### Exercise data
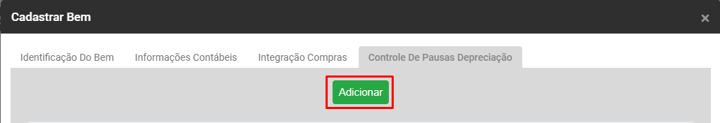Clique no botão Adicionar as informações referente as Pausas na Depreciação
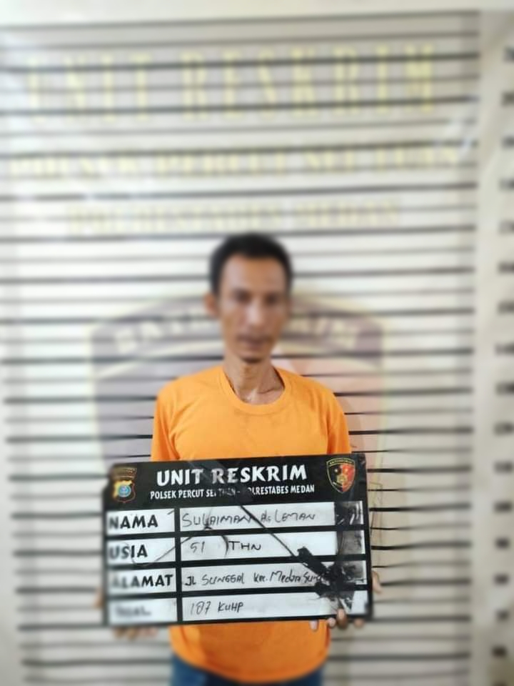 Kini, Sulaiman pun telah ditahan di Polsek Medan Tembung dengan disangkakan Pasal 187 KUHPidana. KRG – (**)
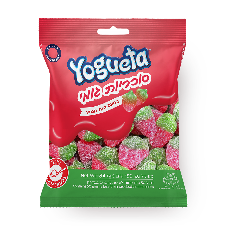 10 ₪ instead of standard 13.9 ₪Tagged ingredients: gluten, kosher10 ₪ / 100 g - Yogueta Sour stripes strawberry flavor candies50 g
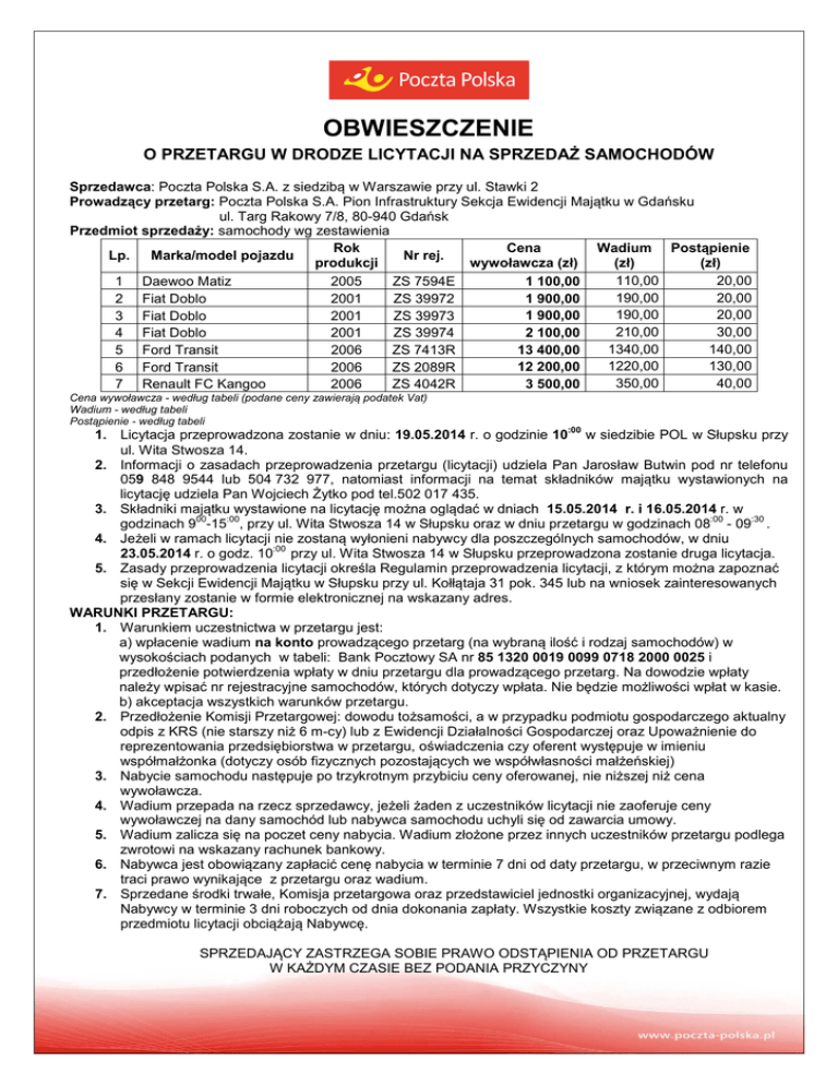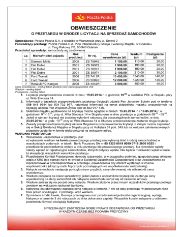 OBWIESZCZENIE O PRZETARGU W DRODZE LICYTACJI NA SPRZEDAŻ SAMOCHODÓW Sprzedawca: Poczta Polska S.A. z siedzibą w Warszawie przy ul. Stawki 2 Prowadzący przetarg: Poczta Polska S.A. Pion Infrastruktury Sekcja Ewidencji Majątku w Gdańsku ul. Targ Rakowy 7/8, 80-940 Gdańsk Przedmiot sprzedaży: samochody wg zestawienia Rok Cena Wadium Postąpienie Lp. Marka/model pojazdu Nr rej. produkcji wywoławcza (zł) (zł) (zł) 110,00 20,00 1 100,00 1 Daewoo Matiz 2005 ZS 7594E 190,00 20,00 1 900,00 2 Fiat Doblo 2001 ZS 39972 190,00 20,00 1 900,00 3 Fiat Doblo 2001 ZS 39973 210,00 30,00 2 100,00 4 Fiat Doblo 2001 ZS 39974 1340,00 140,00 13 400,00 5 Ford Transit 2006 ZS 7413R 1220,00 130,00 12 200,00 6 Ford Transit 2006 ZS 2089R 350,00 40,00 3 500,00 7 Renault FC Kangoo 2006 ZS 4042R Cena wywoławcza - według tabeli (podane ceny zawierają podatek Vat) Wadium - według tabeli Postąpienie - według tabeli :00 1. Licytacja przeprowadzona zostanie w dniu: 19.05.2014 r. o godzinie 10 w siedzibie POL w Słupsku przy ul. Wita Stwosza 14. 2. Informacji o zasadach przeprowadzenia przetargu (licytacji) udziela Pan Jarosław Butwin pod nr telefonu 059 848 9544 lub 504 732 977, natomiast informacji na temat składników majątku wystawionych na licytację udziela Pan Wojciech Żytko pod tel.502 017 435. 3. Składniki majątku wystawione na licytację można oglądać w dniach 15.05.2014 r. i 16.05.2014 r. w 00 :00 :00 :30 godzinach 9 -15 , przy ul. Wita Stwosza 14 w Słupsku oraz w dniu przetargu w godzinach 08 - 09 . 4. Jeżeli w ramach licytacji nie zostaną wyłonieni nabywcy dla poszczególnych samochodów, w dniu :00 23.05.2014 r. o godz. 10 przy ul. Wita Stwosza 14 w Słupsku przeprowadzona zostanie druga licytacja. 5. Zasady przeprowadzenia licytacji określa Regulamin przeprowadzenia licytacji, z którym można zapoznać się w Sekcji Ewidencji Majątku w Słupsku przy ul. Kołłątaja 31 pok. 345 lub na wniosek zainteresowanych przesłany zostanie w formie elektronicznej na wskazany adres. WARUNKI PRZETARGU: 1. Warunkiem uczestnictwa w przetargu jest: a) wpłacenie wadium na konto prowadzącego przetarg (na wybraną ilość i rodzaj samochodów) w wysokościach podanych w tabeli: Bank Pocztowy SA nr 85 1320 0019 0099 0718 2000 0025 i przedłożenie potwierdzenia wpłaty w dniu przetargu dla prowadzącego przetarg. Na dowodzie wpłaty należy wpisać nr rejestracyjne samochodów, których dotyczy wpłata. Nie będzie możliwości wpłat w kasie. b) akceptacja wszystkich warunków przetargu. 2. Przedłożenie Komisji Przetargowej: dowodu tożsamości, a w przypadku podmiotu gospodarczego aktualny odpis z KRS (nie starszy niż 6 m-cy) lub z Ewidencji Działalności Gospodarczej oraz Upoważnienie do reprezentowania przedsiębiorstwa w przetargu, oświadczenia czy oferent występuje w imieniu współmałżonka (dotyczy osób fizycznych pozostających we współwłasności małżeńskiej) 3. Nabycie samochodu następuje po trzykrotnym przybiciu ceny oferowanej, nie niższej niż cena wywoławcza. 4. Wadium przepada na rzecz sprzedawcy, jeżeli żaden z uczestników licytacji nie zaoferuje ceny wywoławczej na dany samochód lub nabywca samochodu uchyli się od zawarcia umowy. 5. Wadium zalicza się na poczet ceny nabycia. Wadium złożone przez innych uczestników przetargu podlega zwrotowi na wskazany rachunek bankowy. 6. Nabywca jest obowiązany zapłacić cenę nabycia w terminie 7 dni od daty przetargu, w przeciwnym razie traci prawo wynikające z przetargu oraz wadium. 7. Sprzedane środki trwałe, Komisja przetargowa oraz przedstawiciel jednostki organizacyjnej, wydają Nabywcy w terminie 3 dni roboczych od dnia dokonania zapłaty. Wszystkie koszty związane z odbiorem przedmiotu licytacji obciążają Nabywcę. SPRZEDAJĄCY ZASTRZEGA SOBIE PRAWO ODSTĄPIENIA OD PRZETARGU W KAŻDYM CZASIE BEZ PODANIA PRZYCZYNY

### Required work
No pictures should appear in the copy, which holds exactly the lines from the first line of the data through the line with "Kini, Sulaiman pun" and nothing else.

### Output of the task
Clique no botão Adicionar as informações referente as Pausas na Depreciação
 Kini, Sulaiman pun telah ditahan di Polsek Medan Tembung dengan disangkakan Pasal 187 KUHPidana. KRG – (**)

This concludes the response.